# How much did it cost to have your pond constructed?



## Alter (Apr 8, 2004)

Hi all. I'm in the process of buying a home in Geauga County with some land. I'd like to have a half acre pond built behind the house. I'm just in the initial stages of gathering info on pond building and one question I have is what is the ball-park price range for construction of a half-acre excavated pond that is built correctly? Most of the cost estimates I've seen so far seem rather low to me. I know prices can vary widely depending on the construction type and location but I'd just like a general idea so I can allocate enough money in the budget. I'll be contracting out all of the construction work. I've got some experience with stocking and managing farm ponds but I've never been through the building process. 

The pond will be stocked with the usual minnow, bass, bluegill, and channel cats. 

Thanks,

Steve


----------



## M.Magis (Apr 5, 2004)

I'm not sure how accurate of an answer anyone can give you. I expect a lot depends on what type of soil and what is encountered when the digging starts. This is just a guess on my part, but I would think that it could vary greatly.


----------



## Guest (Apr 21, 2006)

around $4000


----------



## Alter (Apr 8, 2004)

> I'm not sure how accurate of an answer anyone can give you. I expect a lot depends on what type of soil and what is encountered when the digging starts. This is just a guess on my part, but I would think that it could vary greatly.

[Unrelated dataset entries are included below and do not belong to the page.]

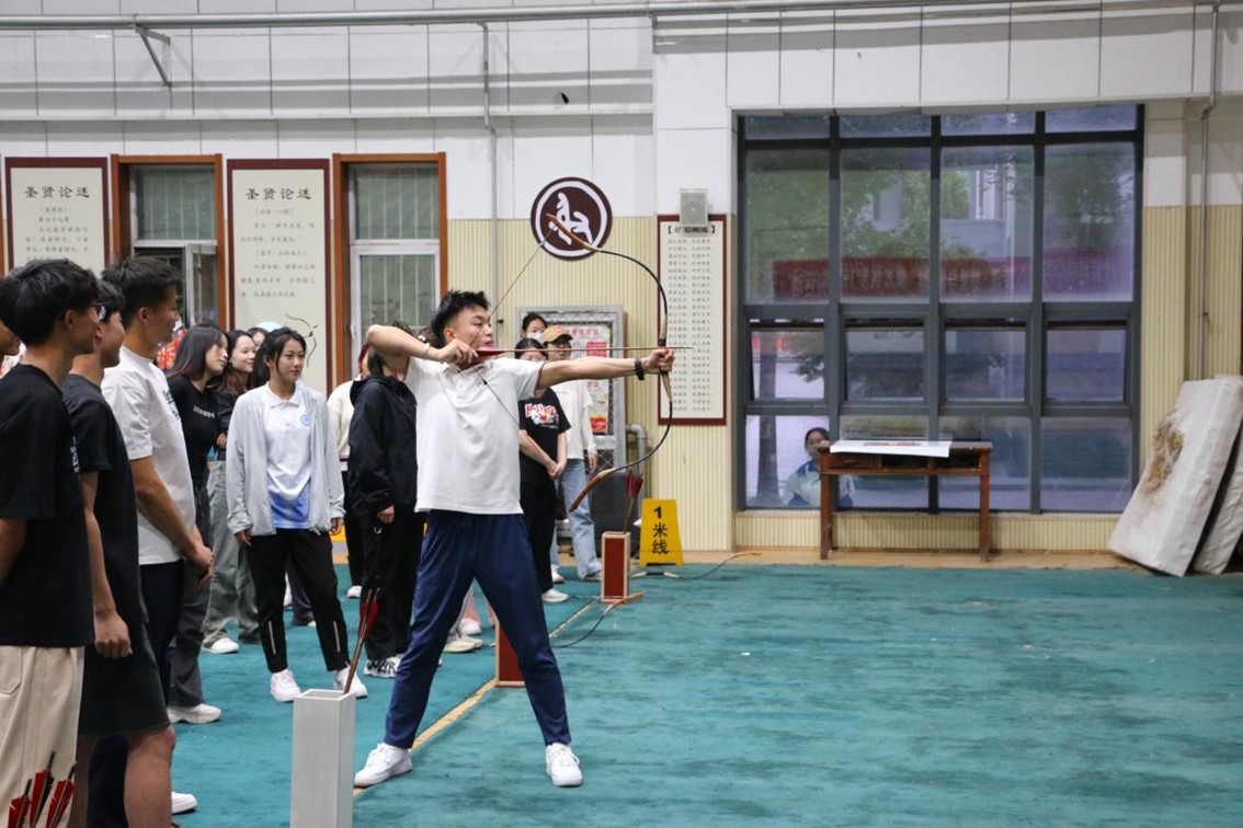 礼仪环节结束后,进入了紧张而又兴奋的射箭技能培训阶段。朋辈导师从基础站姿、握弓手法、瞄准方法到撒放动作,逐一示范并指导学生练习。学生们在朋辈导师的耐心指导下,从最初的生疏到逐渐掌握要领,每一次箭矢离弦,都伴随着技术的进步和自信心的提升。场地上,箭矢破空之声不绝于耳,展现了力与美的完美融合。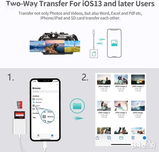 Четецът на карти Lightning към SD/Micro за iPhone/iPad не се нуждае от изтегляне на приложения на трети страни и не е необходима интернет връзка.
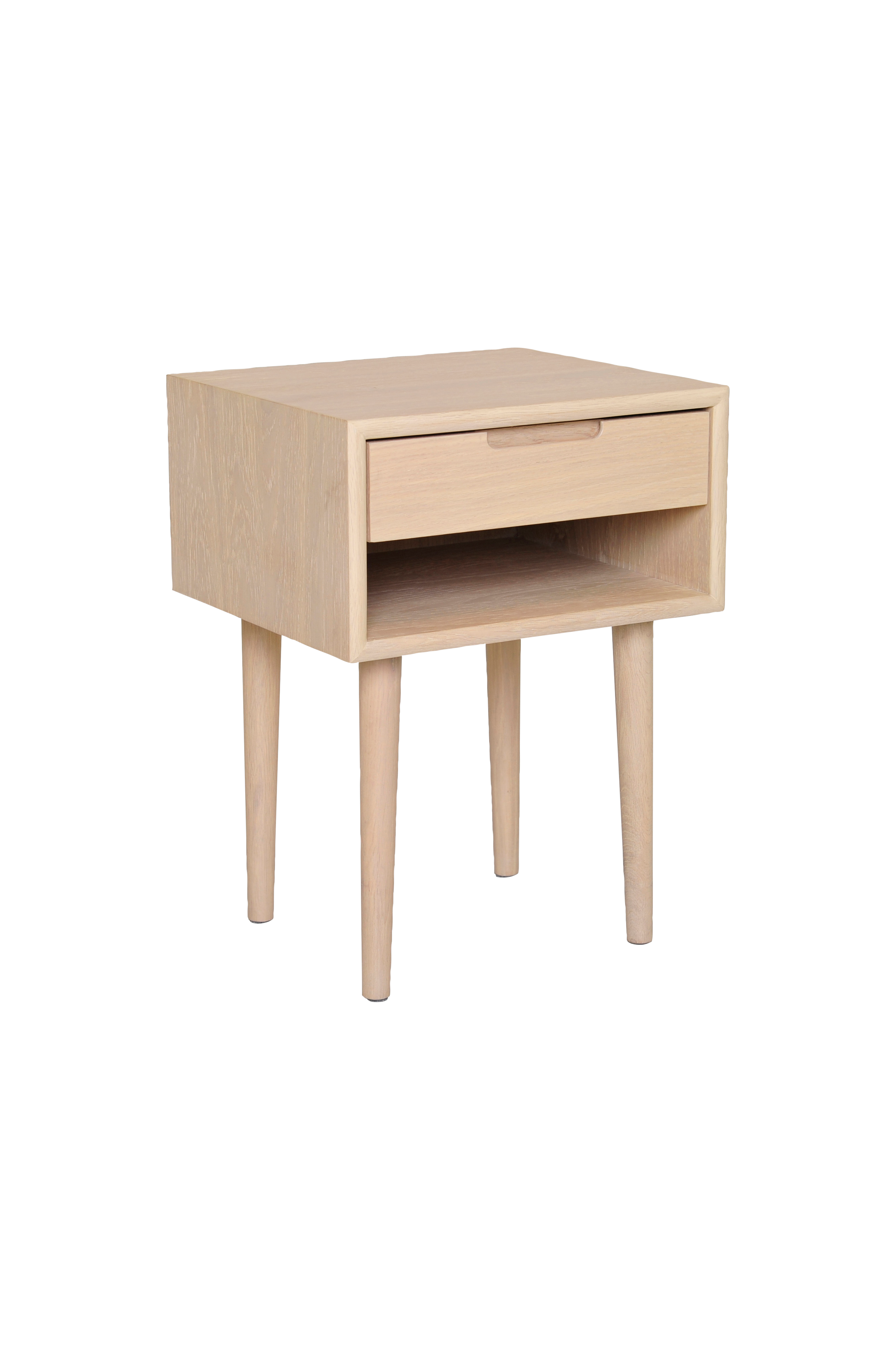 Yöpöytä, jossa laatikko & hylly. Maalattua tammea.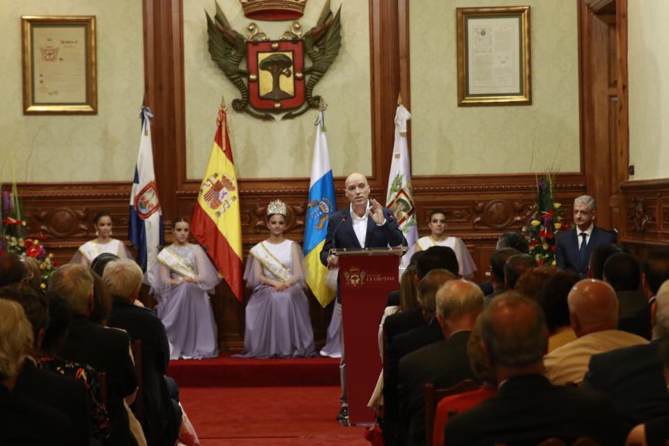 El orotavense Juan Bosco González ha dado el pistoletazo de la salida a los días grandes de las Fiestas de La Orotava con la lectura del pregón, que ha tenido lugar este martes, 5 de junio, en el Salón Noble de la Casa Consistorial. El escritor y filósofo villero ha disertado sobre estos festejos, dando una interesante perspectiva bajo el título “Sobre todo, de aquí”.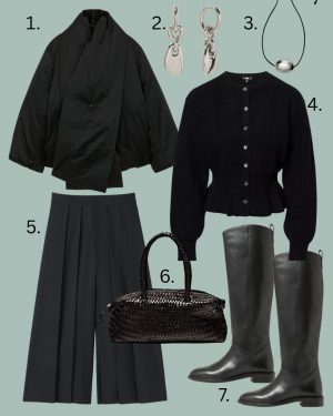 I do love my wide-leg jeans and trousers, but I definitely do not love arriving at my destination with a slow creeping feel of dampness around my ankles. So a pair of cropped trousers or jeans and some decent boots are a must as we head into rainy wintery days. I saw these traditional Japanese hakama trousers in Muji last week when I was browsing their acrylic jewellery storage options (which are great, by the way – you can actually see what you’ve got instead of it all being hidden away in a solid box), and I thought they would work really well with a good pair of knee-high boots. A chic, yet practical look for a rainy day.

I'm really not looking for an accurate answer. I'm just trying to get a vaque idea of what others have actually paid or what people in the construction business would charge so I can start to set aside a budget for the work. As with any construction job I'm sure things will cost more than I think they will so I'll set aside extra cash for cost over-run but I need a high-end ballpark figure to make sure I set aside enough $ in the overall budget. From the little research I've done, and from Traphunter's reply (thanks), $5000 seems to be a reasonable guestimate for this job but I want to make sure I'm not grossly underbudgeting the job. There are some other, less important, projects I'd also like to have done to the home and property. Right now I'm trying to figure out which projects can be done now and which will wait. 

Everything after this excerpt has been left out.